Records for the task –
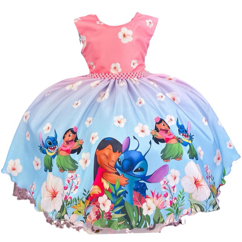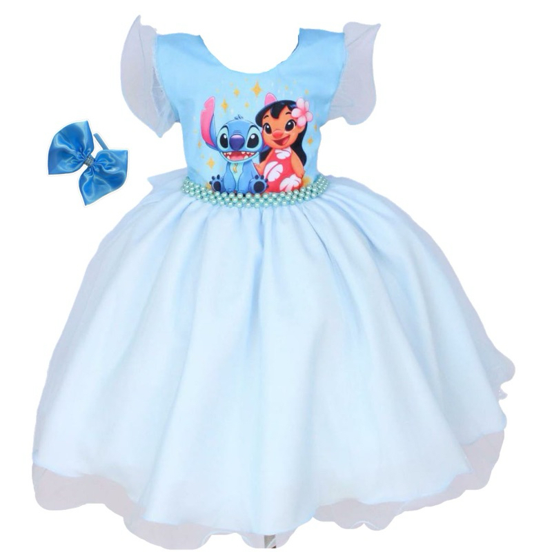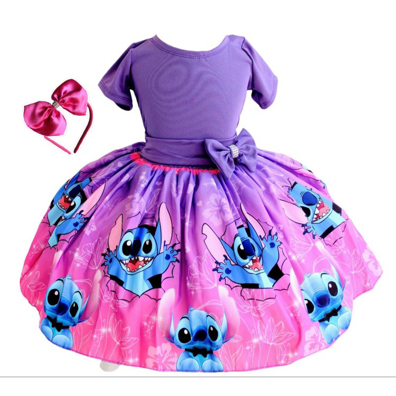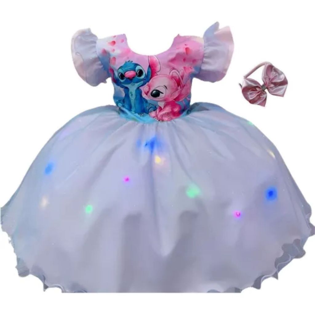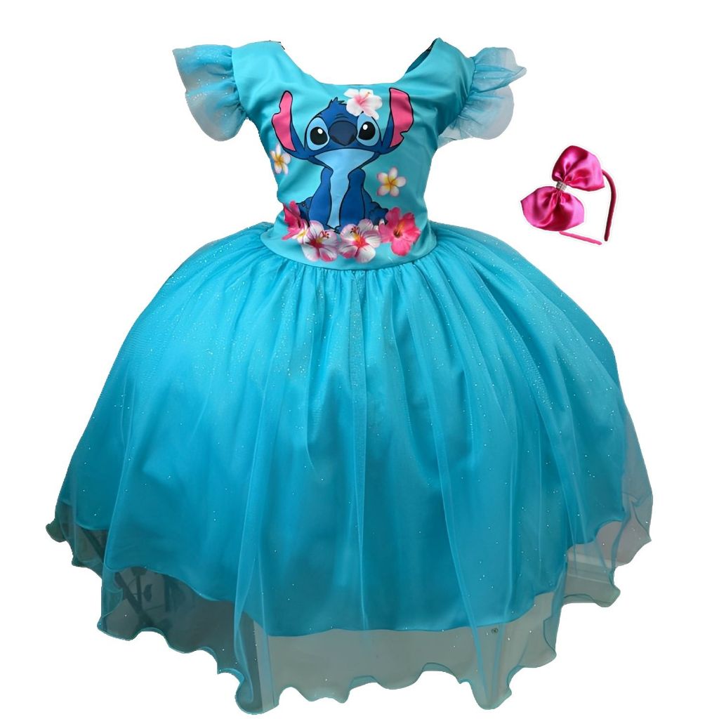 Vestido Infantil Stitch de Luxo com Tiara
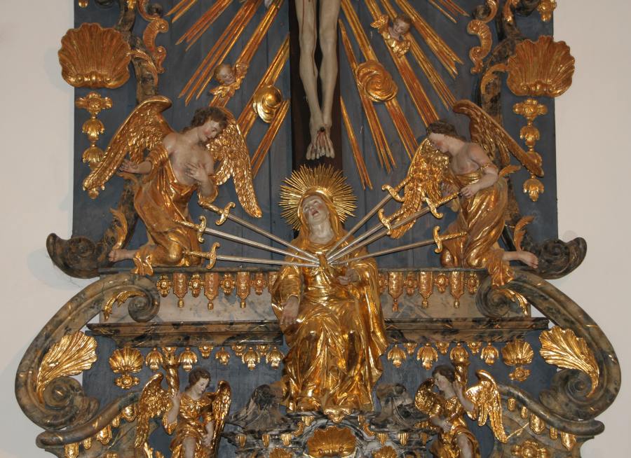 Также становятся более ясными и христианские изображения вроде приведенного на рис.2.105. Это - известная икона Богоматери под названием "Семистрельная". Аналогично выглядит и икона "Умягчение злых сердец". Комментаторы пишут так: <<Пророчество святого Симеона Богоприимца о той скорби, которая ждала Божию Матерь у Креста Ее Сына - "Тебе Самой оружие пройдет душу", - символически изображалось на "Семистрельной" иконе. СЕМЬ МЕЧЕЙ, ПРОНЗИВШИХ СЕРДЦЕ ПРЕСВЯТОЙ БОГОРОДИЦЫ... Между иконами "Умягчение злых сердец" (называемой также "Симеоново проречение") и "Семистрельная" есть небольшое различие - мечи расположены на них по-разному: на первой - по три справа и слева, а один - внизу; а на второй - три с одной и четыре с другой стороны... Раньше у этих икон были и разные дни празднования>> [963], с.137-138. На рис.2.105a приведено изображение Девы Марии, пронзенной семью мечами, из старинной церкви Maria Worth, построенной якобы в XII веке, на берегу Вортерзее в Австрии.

==

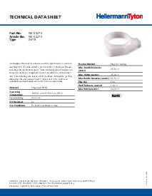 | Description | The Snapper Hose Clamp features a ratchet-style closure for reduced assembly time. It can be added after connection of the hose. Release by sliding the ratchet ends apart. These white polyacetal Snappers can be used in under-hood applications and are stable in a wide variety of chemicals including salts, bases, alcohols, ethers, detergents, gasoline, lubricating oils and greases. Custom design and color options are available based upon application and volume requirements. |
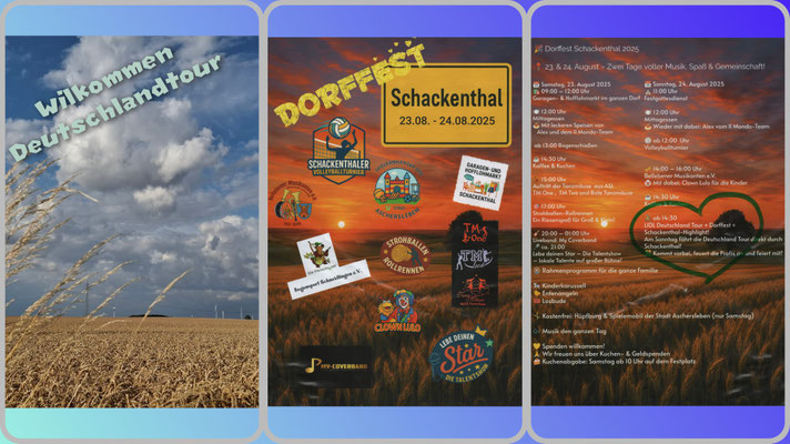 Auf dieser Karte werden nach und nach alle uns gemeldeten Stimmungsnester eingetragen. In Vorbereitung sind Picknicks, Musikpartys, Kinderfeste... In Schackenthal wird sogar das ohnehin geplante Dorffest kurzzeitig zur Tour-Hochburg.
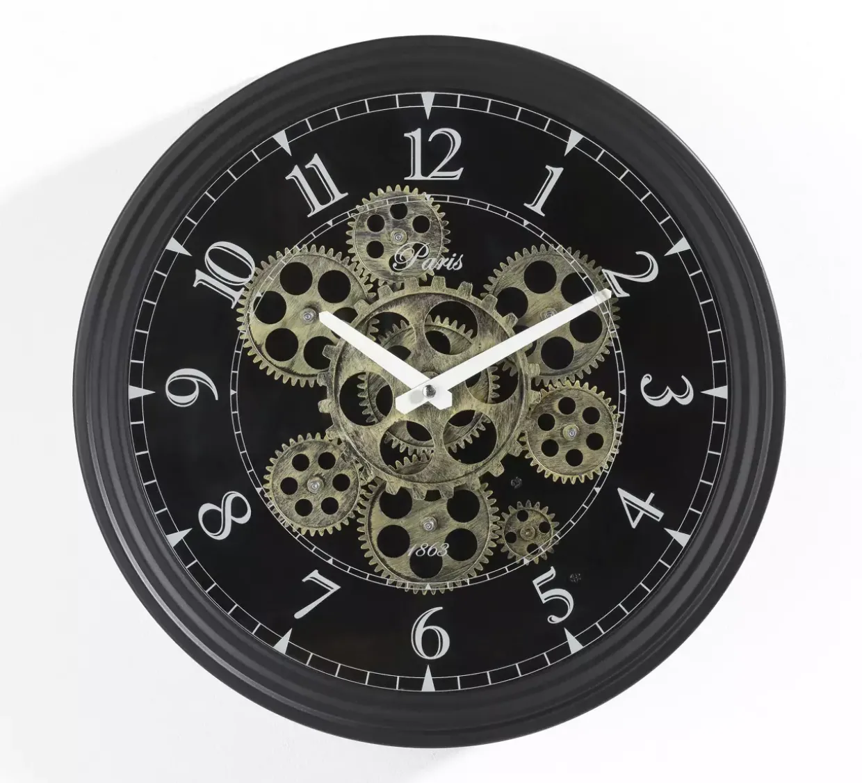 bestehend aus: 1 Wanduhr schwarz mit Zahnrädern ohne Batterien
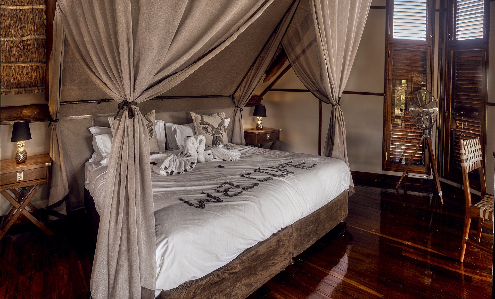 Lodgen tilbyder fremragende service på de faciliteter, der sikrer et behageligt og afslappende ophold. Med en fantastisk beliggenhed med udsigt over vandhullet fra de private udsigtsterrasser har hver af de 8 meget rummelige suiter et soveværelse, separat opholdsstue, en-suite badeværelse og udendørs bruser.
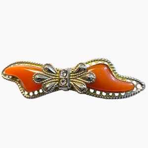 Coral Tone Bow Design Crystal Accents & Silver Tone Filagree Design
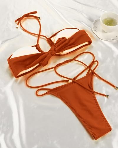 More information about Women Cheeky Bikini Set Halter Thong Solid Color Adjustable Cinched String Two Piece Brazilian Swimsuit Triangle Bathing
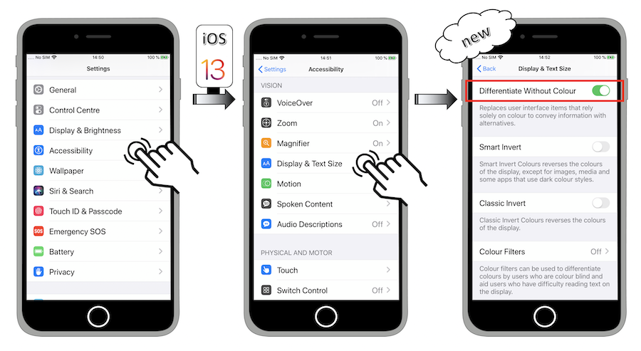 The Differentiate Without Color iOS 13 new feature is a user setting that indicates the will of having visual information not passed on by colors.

--

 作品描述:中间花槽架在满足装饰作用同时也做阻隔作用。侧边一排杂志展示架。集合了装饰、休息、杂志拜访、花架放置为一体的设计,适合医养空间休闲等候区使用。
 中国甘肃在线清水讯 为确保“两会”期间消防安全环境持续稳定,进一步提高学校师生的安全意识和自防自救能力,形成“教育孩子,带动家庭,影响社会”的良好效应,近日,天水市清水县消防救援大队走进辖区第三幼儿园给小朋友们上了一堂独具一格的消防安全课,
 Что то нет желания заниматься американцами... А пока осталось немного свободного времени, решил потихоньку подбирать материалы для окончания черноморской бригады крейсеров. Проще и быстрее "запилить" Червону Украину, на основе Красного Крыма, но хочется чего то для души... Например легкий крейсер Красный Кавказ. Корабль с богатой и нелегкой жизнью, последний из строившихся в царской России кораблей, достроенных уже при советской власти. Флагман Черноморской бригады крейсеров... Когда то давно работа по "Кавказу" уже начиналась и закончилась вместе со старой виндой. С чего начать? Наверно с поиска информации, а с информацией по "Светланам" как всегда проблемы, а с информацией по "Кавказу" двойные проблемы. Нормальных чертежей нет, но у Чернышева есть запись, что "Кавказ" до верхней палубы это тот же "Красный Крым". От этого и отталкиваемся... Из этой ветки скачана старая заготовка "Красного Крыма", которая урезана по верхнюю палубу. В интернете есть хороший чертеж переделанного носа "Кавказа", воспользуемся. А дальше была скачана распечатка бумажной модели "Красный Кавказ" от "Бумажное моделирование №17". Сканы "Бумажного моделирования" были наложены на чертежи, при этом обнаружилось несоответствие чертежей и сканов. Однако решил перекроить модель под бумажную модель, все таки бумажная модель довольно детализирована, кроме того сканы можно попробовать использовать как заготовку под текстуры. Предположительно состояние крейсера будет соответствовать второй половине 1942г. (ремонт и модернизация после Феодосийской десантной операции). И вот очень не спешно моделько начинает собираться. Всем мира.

Problem description –
Leaving out the pictures, please output the lines in the entries above from the one with "bestehend aus: 1" through the one with "More information about", exactly as they are.

Response to the exercise –
 bestehend aus: 1 Wanduhr schwarz mit Zahnrädern ohne Batterien
 Lodgen tilbyder fremragende service på de faciliteter, der sikrer et behageligt og afslappende ophold. Med en fantastisk beliggenhed med udsigt over vandhullet fra de private udsigtsterrasser har hver af de 8 meget rummelige suiter et soveværelse, separat opholdsstue, en-suite badeværelse og udendørs bruser.
 Coral Tone Bow Design Crystal Accents & Silver Tone Filagree Design
 More information about Women Cheeky Bikini Set Halter Thong Solid Color Adjustable Cinched String Two Piece Brazilian Swimsuit Triangle Bathing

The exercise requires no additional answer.